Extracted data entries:
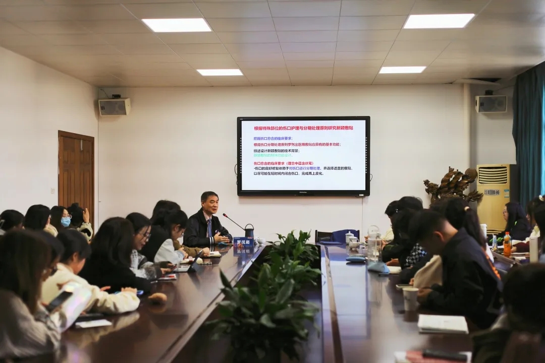 谈到护理创新设计理念,他强调了论题措辞的精准性、摘要的关键性以及首段首句的重要性等对于科研论文写作的价值。罗教授以如何从中医护理中挖掘科研素材为例,从“采用的中药方剂是否有辩证依据”、“生物安全质量指标是如何做指控的”、“敷贴采用了什么基材”等问题入手,一步一步细致讲解,引领大家进行了一次集辩证、严谨、创新于一体的循证设计探索。授人以鱼不如授人以渔,罗教授还分享了科研成长的心路练习,如“写下自己喜欢自己的理由”、“睡前坚持做一分钟心灵健康操”等,还给在座学子布置了一个有趣的回家作业。他强调了好习惯的培养和坚持的重要性,指出了科研非一朝一夕所成,而是日积月累、滴水石穿。
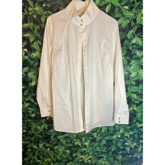Career blouse with gold buttons and high neck closure. New without tags. Size medium by Soft Surroundings.
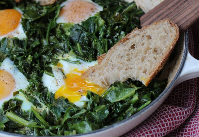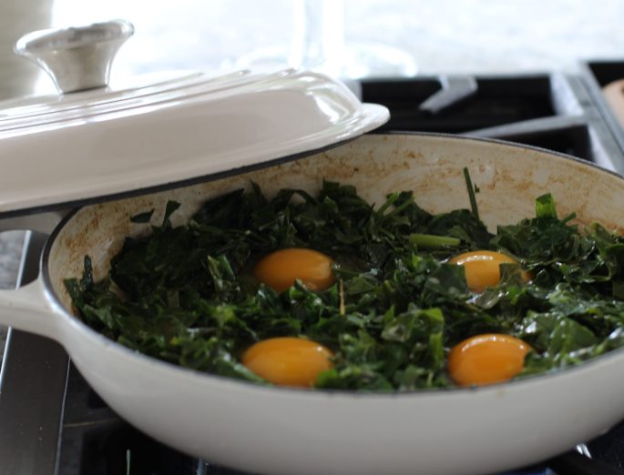 Make some dents in the greens, add the eggs then cover the dish and cook that over a medium heat for about 5 minutes.
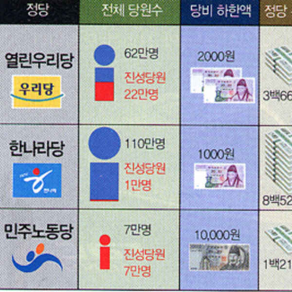 당비를 내는 당원이라는 뜻을 가진 ‘진성당원’이라는 말의 ‘저작권’은 민주노동당(이하 민노당)이 갖고 있다. 진성당원은 민노당이 2000년 창당 때 당원들의 소액 당비로 당을 운영하겠다면서 꺼내든 조어다. 민노당 천영세 원내대표는 …
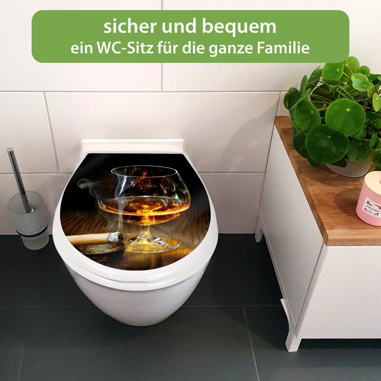 FUNKTION:Mit dem banjado Familien WC Sitz mit Absenkautomatik und dem Motiv Motiv Whiskey & Cigar verbinden Sie Design mit Funktionalität. Sie erhalten den Toilettendeckel in bewährt guter Qualität mit Montagematerial passend auf alle Euro-WC-Becken. Die Gesamtgröße beträgt 37,1cm x 44,9cm x 5cm, die Grundfarbe ist weiß.</p> DESIGN:Der Klodeckel in weiß mit Motiv Motiv Whiskey & Cigar hat eine ansprechende Optik, eine besondere Form und ist sehr stabil. Das Motiv besteht aus einer farbbrillianten Motivfolie, die durch ein Schutzlaminat zusätzlich vor Kratzern schützt. Der integrierte Kindersitz fügt sich harmonisch ein. DETAILS:Der Toilettensitz mit Soft Close besteht aus hochwertigem Polypropylen, ist geruchlos, ungiftig und kann mit handelsüblicher Seife gereinigt werden. Die Montage kann von von oben oder von unten erfolgen und ist kinderleicht. NUTZEN:Mit Hilfe der detaillierten Aufbauanleitung ermöglichen wir eine schnelle und unkomplizierte Montage. Die banjado Klobrille ist universell geeignet für alle Euro-WC-Schüsseln. Der Kindersitz kann unkompliziert entfernt werden. BANJADO:Ihr WC-Deckel wird in Sachsen in einer kleinen Manufaktur von Hand veredelt. Die Motivfolie ist lösungsmittelfrei und schutzlaminiert für einen langen Halt. Wir wünschen viel Freude bei der Auswahl eines schönen Motivs.
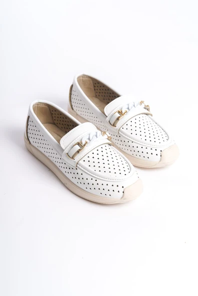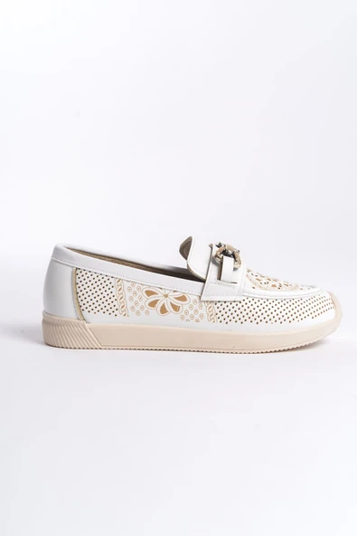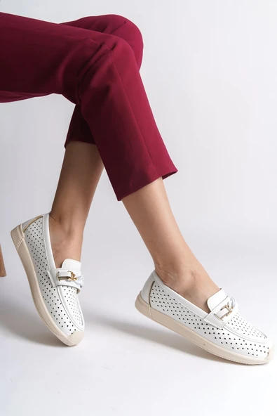 KAYLEE Bağcıksız Ortopedik Rahat Taban Toka Detaylı Kadın Babet Ayakkabı CKT - Beyaz
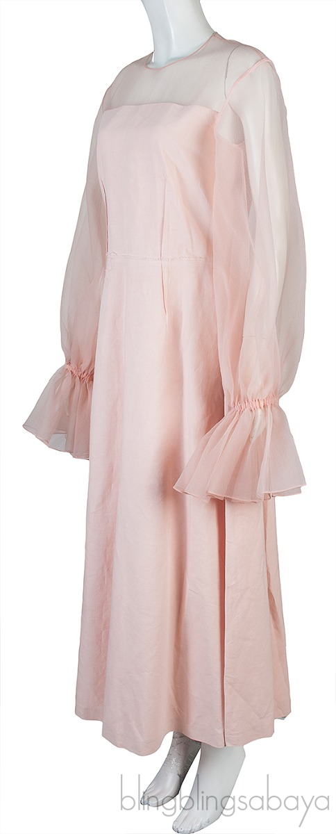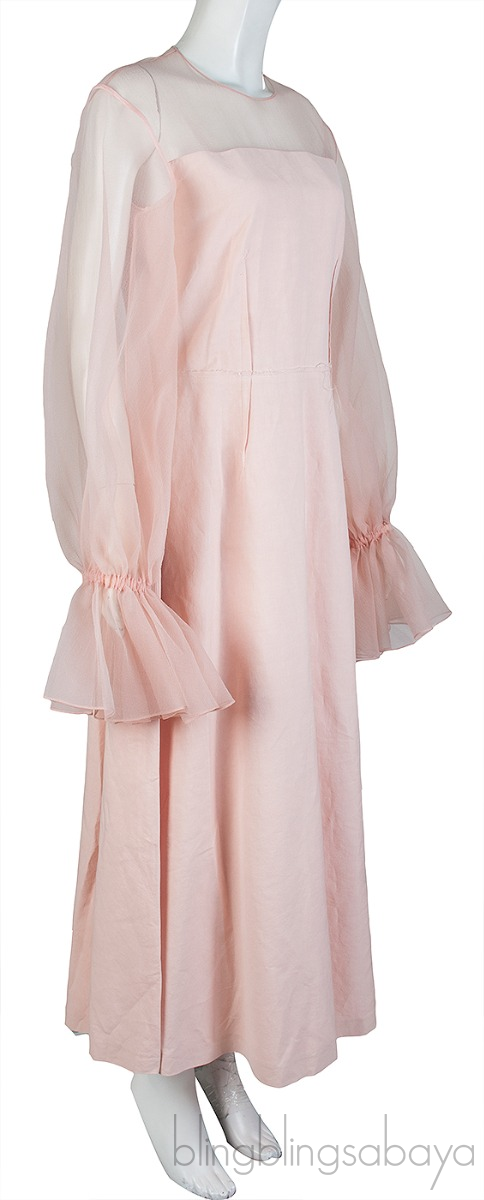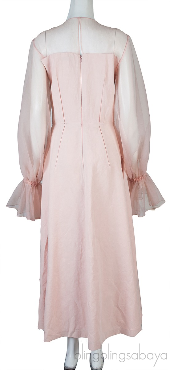 This Pink Blush Lois Dress from Rejina Pyo is crafted from 49% Cotton & 51% Linen; Sleeve 100% Polyester Lining 100% Polyester. This dress features a luxurious blush-nude crêpe and organza with oversized sleeves, finished with an elasticated ruffle cuff detail, concealed center back zip and gathered fabric construction at the waist.
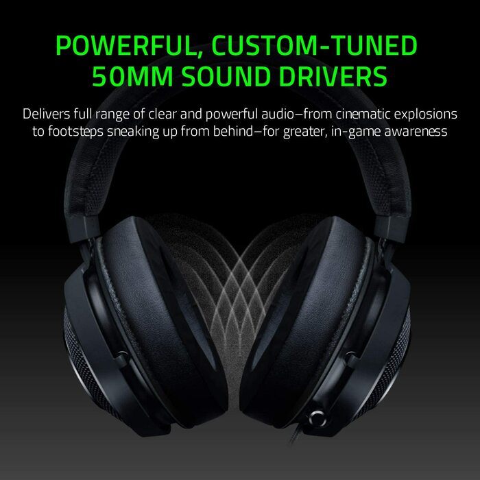 Razer Kraken Tournament Edition THX 7.1 Surround Sound Gaming Headset: Retractable Noise Cancelling Mic - USB DAC - For PC, PS4, PS5, Nintendo Switch, Xbox One, Xbox Series X & S, Mobile – Black
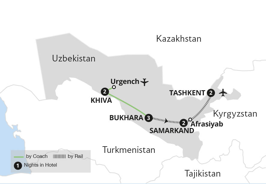 Experience India's breathtaking temples, join a tiger-spotting safari in the Ranthambore National Park, or discover beautiful Kerala on one of our India rail holidays. Discover the treasures of China and cruise along the Yangtse River, or explore the fantastic landscapes and historic trading routes of Uzbekistan and the Ancient Silk Road.
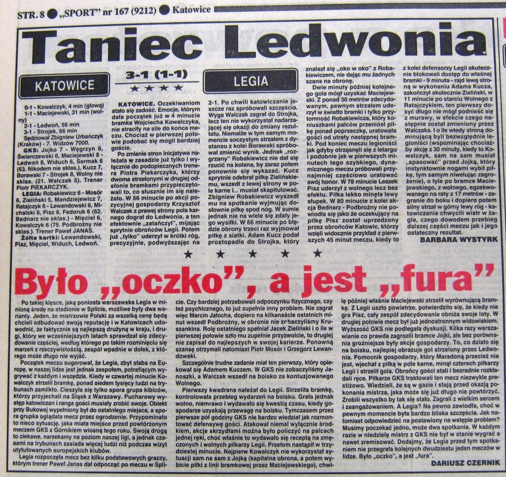 Pierwszy kwadrans należał do Legii. Strzeliła bramkę, kontrolowała przebieg wydarzeń na boisku. Grała jednak wolno, niemrawo i wydawało się kwestią czasu, kiedy gospodarze uzyskają przewagę na boisku. Tymczasem przez pierwsze pół godziny GKS nie bardzo wiedział jak rozmontować defensywę gości. Atakował niemal wyłącznie środkiem, akcje skrzydłami można było policzyć na palcach jednej ręki, choć właśnie to wydawało się receptą na zmęczonych i wolnych piłkarzy Legii. Przełom nastąpił w trzydziestej minucie. Najpierw Kowalczyk nie wykorzystał sytuacji sam na sam z Jojką (kapitalna obrona, a potem wybicie piłki z linii bramkowej przez Maciejewskiego), chwilę później właśnie Maciejewski strzelił wyrównującą bramkę. Z Legii uszło powietrze, potwierdziło się, że kiedy nie gra Piz, cały zespół zdecydowanie obniża swoje loty. W drugiej połowie mecz byl już jednostronnym widowiskiem. Wyższośc GKS nie podlegała dyskusji. Kilka razy warszawianie co prawda zagrozili bramce Jojki, ale bez porównania groźniejsze były akcje gospodarzy. TO, co działo się naboisku, najlepiej obrazuje gol strzelony przez Ledwonia. Pomocnik gospodarzym, który Maradoną przecież nie jest, wjechał z piłką w pole karne, minął czterech piłkarzy Legii i strzelił gola. Obrońcy gości stali i bezradnie rozkładali ręce. Piłkarze GKS traktowali ten mecz niezwykle prestiżowo. Wiedzieli, zę są w gazie i stają przed okazją pokonania mistrza, jaka może się już długo nie powtórzyć. Zrobili wszystko by tak się stało. Zagrali z wielkim sercem i zaangażowaniem. A Legia? Na pewno zawiodła, choć w pewym momencie była bardzo bliska szczęścia. Jak natomiast odpowiedzieć na postawiony na wstępie problem? Musimy poczekać jedno, może dwa spotkania. W każdym razie w niedzielę mistrz z GKS nie był w stanie wygrać a nawet zremisować. Dodajmy, że Legia przed tym spotkaniem nie przegrała kolejnych dwudziestu jeden meczów w lidze. Było „oczko”, a jest „fura”.
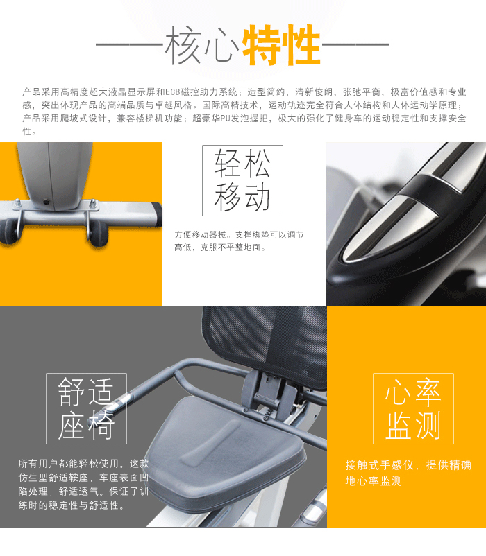 | 心率监控 | 手握心率传感器位于固定把手上,可提高准确度,易于所有体型的锻炼者使用。 |
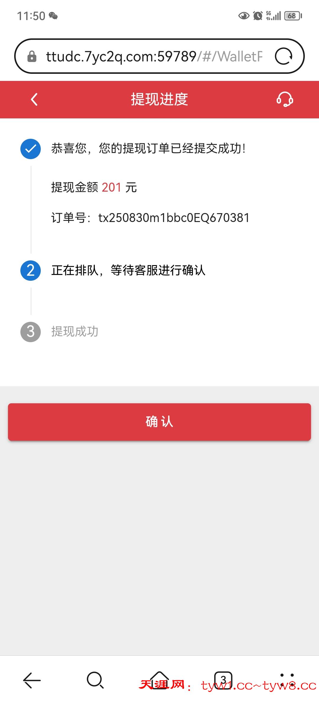 提现一百到账
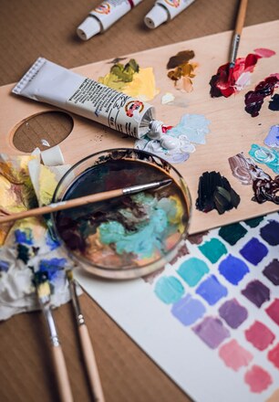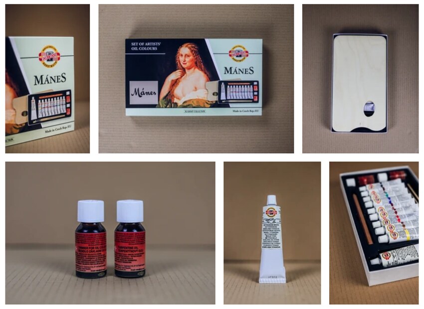 Plátno je připravené, pojďme přejít k samotné malbě! Začátečníkům by se mohla hodit některá z předpřipravených sad, jako je například kazeta Mánes, ve které najdete nejen olejové barvy, ale také titanovou bělobu, olej, ředidlo, štětce, grafitovou tužku a dřevěnou paletu. Jednoduše vše, co budete do svých začátků s olejomalbou potřebovat.
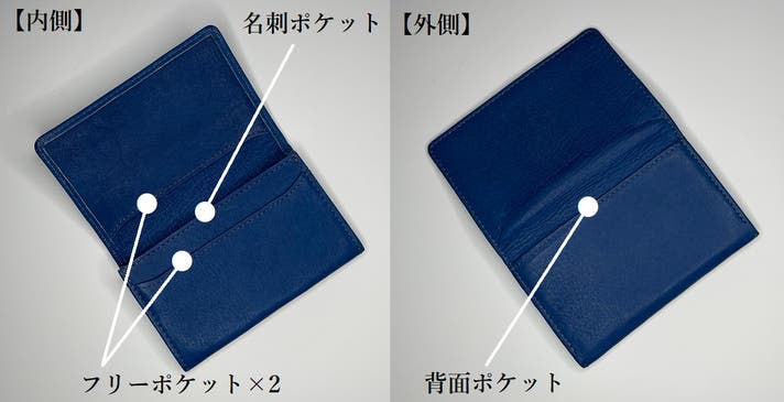 名刺入れを構成する表革と裏革の双方に、同一の革を贅沢にあしらい、美しく仕立てた名刺入れのことで、大変贅沢な仕様となっております。
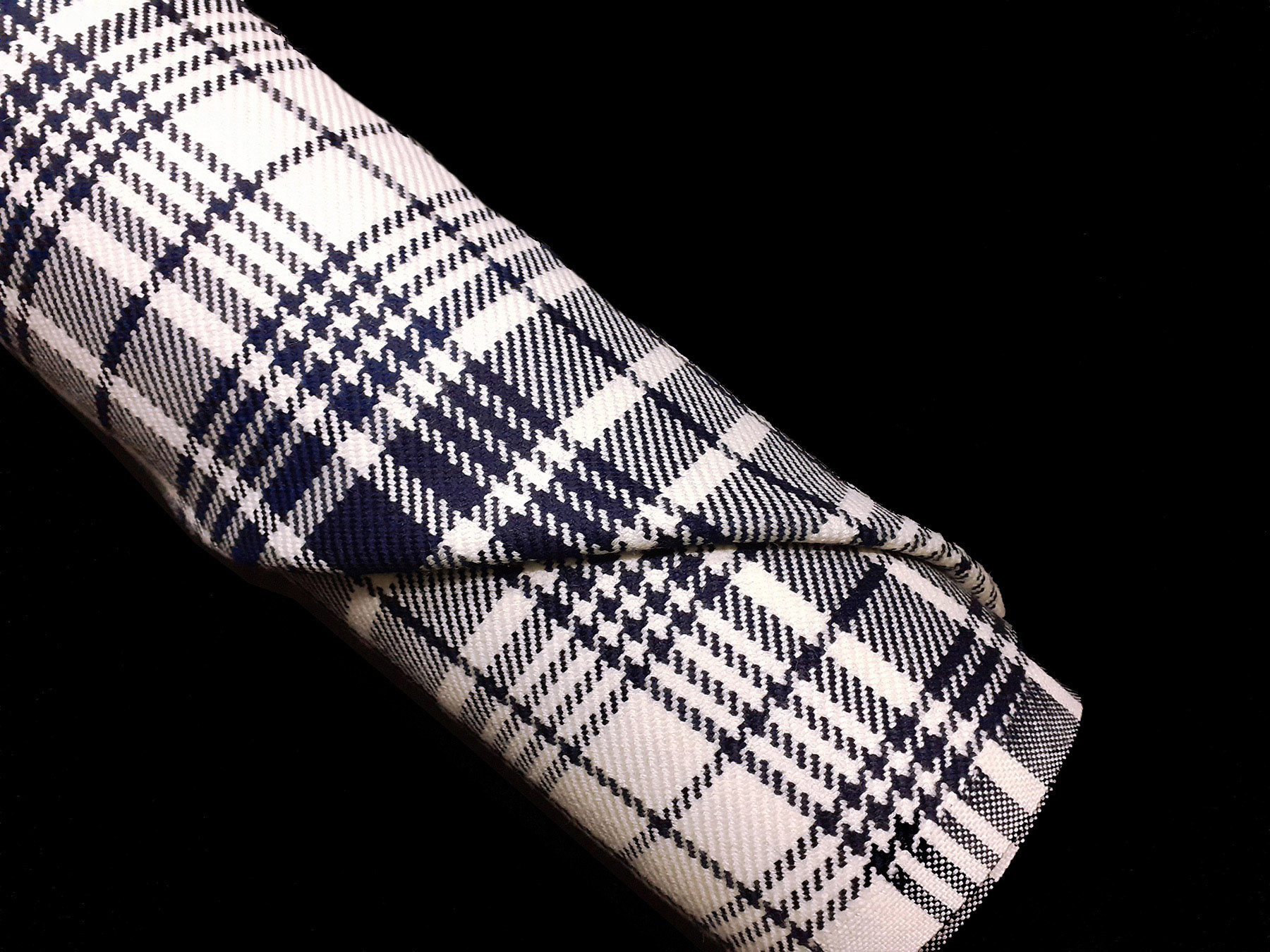 Tessuto Principe di Galles ad armatura Twill – la più utilizzata per le caratteristiche di robustezza e versatilità – prodotto a Biella in pura lana pettinata. Ha peso medio, mano calda, non si stropiccia e non si usura nel tempo. Consigliato per la realizzazione di capi spalla femminili, abiti e gonne.

[Task to carry out] In the records above, find the line that contains "Plátno je připravené, pojďme" and repeat exactly that line and all lines after it to the end. Do not include pictures.

[Exercise solution]
 Plátno je připravené, pojďme přejít k samotné malbě! Začátečníkům by se mohla hodit některá z předpřipravených sad, jako je například kazeta Mánes, ve které najdete nejen olejové barvy, ale také titanovou bělobu, olej, ředidlo, štětce, grafitovou tužku a dřevěnou paletu. Jednoduše vše, co budete do svých začátků s olejomalbou potřebovat.
 名刺入れを構成する表革と裏革の双方に、同一の革を贅沢にあしらい、美しく仕立てた名刺入れのことで、大変贅沢な仕様となっております。
 Tessuto Principe di Galles ad armatura Twill – la più utilizzata per le caratteristiche di robustezza e versatilità – prodotto a Biella in pura lana pettinata. Ha peso medio, mano calda, non si stropiccia e non si usura nel tempo. Consigliato per la realizzazione di capi spalla femminili, abiti e gonne.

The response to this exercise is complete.